Limitations of the study include the long time period of 12 weeks between measurements which may increase recall bias for the GRCS questions. Another aspect to consider is the generalizability of the results to other women with subacute and chronic non-specific neck pain. The recruitment procedure in both trials was partly done by advertising [22, 23], and samples should therefore be considered as convenience samples which constituted of women with relatively mild pain and disability. This may reduce the generalizability of results. Also, findings cannot be generalized to men with neck pain.
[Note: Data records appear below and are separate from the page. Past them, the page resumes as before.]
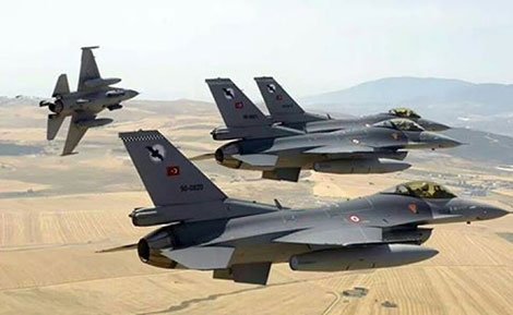 | Máy bay Thổ Nhĩ Kỳ không kích IS và YPG ở Syria. |
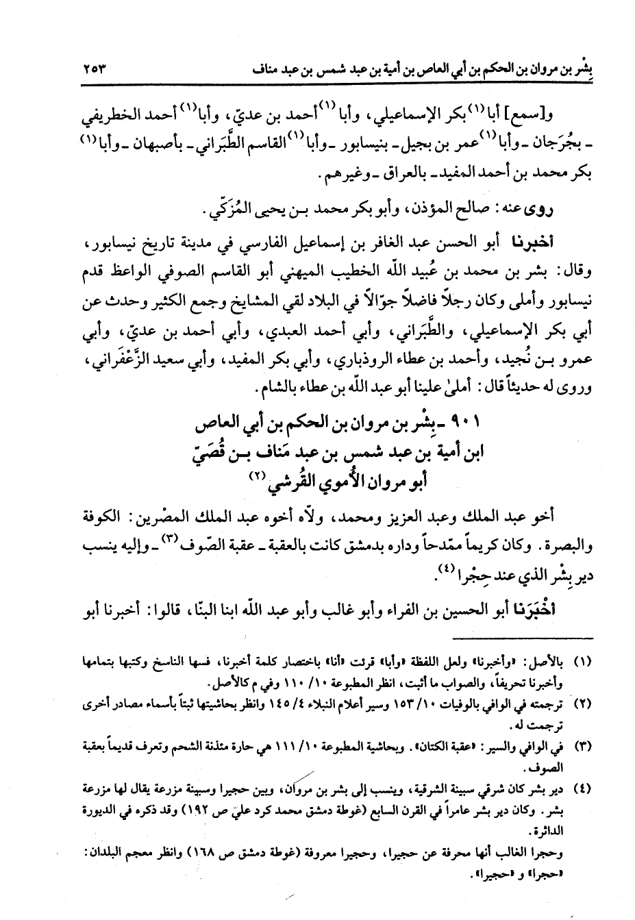901 - بشر بن مروان بن الحكم بن أبي العاص ابن أمية بن عبد شمس بن عبد مناف بن قصي أبو مروان الأموي القرشي (2) أخو عبد الملك وعبد العزيز ومحمد ولاه أخوه عبد الملك المصرين الكوفة والبصرة وكان كريما ممدحا وداره بدمشق كانت بالعقبة عقبة الصوف (3) وإليه ينسب دير بشر الذي عند حجرا (4) أخبرنا أبو الحسين بن الفراء وأبو غالب وأبو عبد الله ابنا البنا قالوا أخبرنا أبو
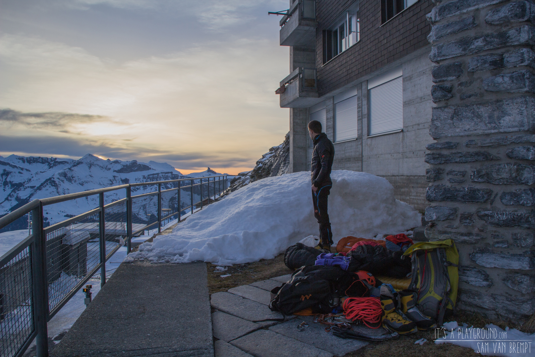 Alles gepland en afgesproken, Maxime kwam me vrijdagavond 28 maart ophalen en we rijden een eindje richting de Alpen. Halverwege slapen we een 8 tal uren om dan de volgende dag iets na de middag in Grindelwald aan te komen. We worden omgeven door serieuze wanden. Maar als we dan toch moeten toegeven, de Eiger zien we niet direct liggen. We sorteren ons materiaal uit tot ik plots terug naar boven kijk en toch enkele sneeuwvelden in die enorme wand voor ons me toch bekend voorkomen. We zijn zo gewend aan het klassieke Eigerbeeld uit Kleinde Scheidegg dat we hem hier beneden op de parking niet direct herkennen.
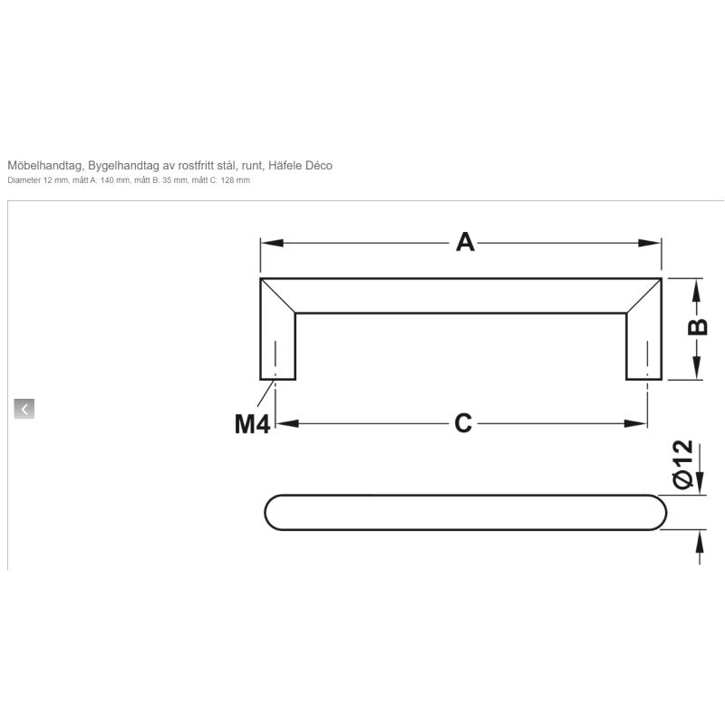 Bøylegrep Hafele Deco Ø12 Rustfri CC128mm
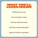 For a long time, I’ve had a deep love for animals, but with a career that demands so much of my attention, I just couldn’t commit to the responsibilities of owning a pet. That was until I came across this incredible guide. It’s a game-changer for anyone who, like me, has a busy lifestyle but still wants the companionship and joy that come with having a pet. The beauty of this guide lies in its simplicity—it’s designed specifically for those of us who are often too busy to take on the complexity of pet care. The content is not just informative but incredibly easy to digest, offering clear and practical steps to help you integrate a pet into your life without feeling overwhelmed.

A further limitation is that the interventions given could potentially have influenced the MIC differently, but separate analyses of each intervention group were not possible due to small group sample sizes. Finally, the small differences between trial I and II in respect of the inclusion criteria and wordings of the external anchors, and the differences in characteristics and baseline measurements, made us unwilling to pool the data into one sample. This could be seen as a drawback due to reduced sample size, but the number of participants in each sample was most likely adequate for our purpose [62]. With that in mind, the separate samples used could be regarded a strength of the study since confirmation of responsiveness across samples is recommended [37].

Conclusions

This study extends the knowledge of measurement properties of the ProFitMap-neck questionnaire by endorsing its validity for change scores in two groups of women with non-specific neck–shoulder pain. In both groups, adequate ability to discriminate between improved and not or little changed participants was demonstrated and values of important change presented. The responsiveness of the ProFitMap-neck was similar to that of NDI which, in turn, was similar to earlier findings corroborating NDI and ProFitMap-neck as responsive measures. Continuing future validation of the ProFitMap-neck is warranted and should include other neck pain conditions as well as men.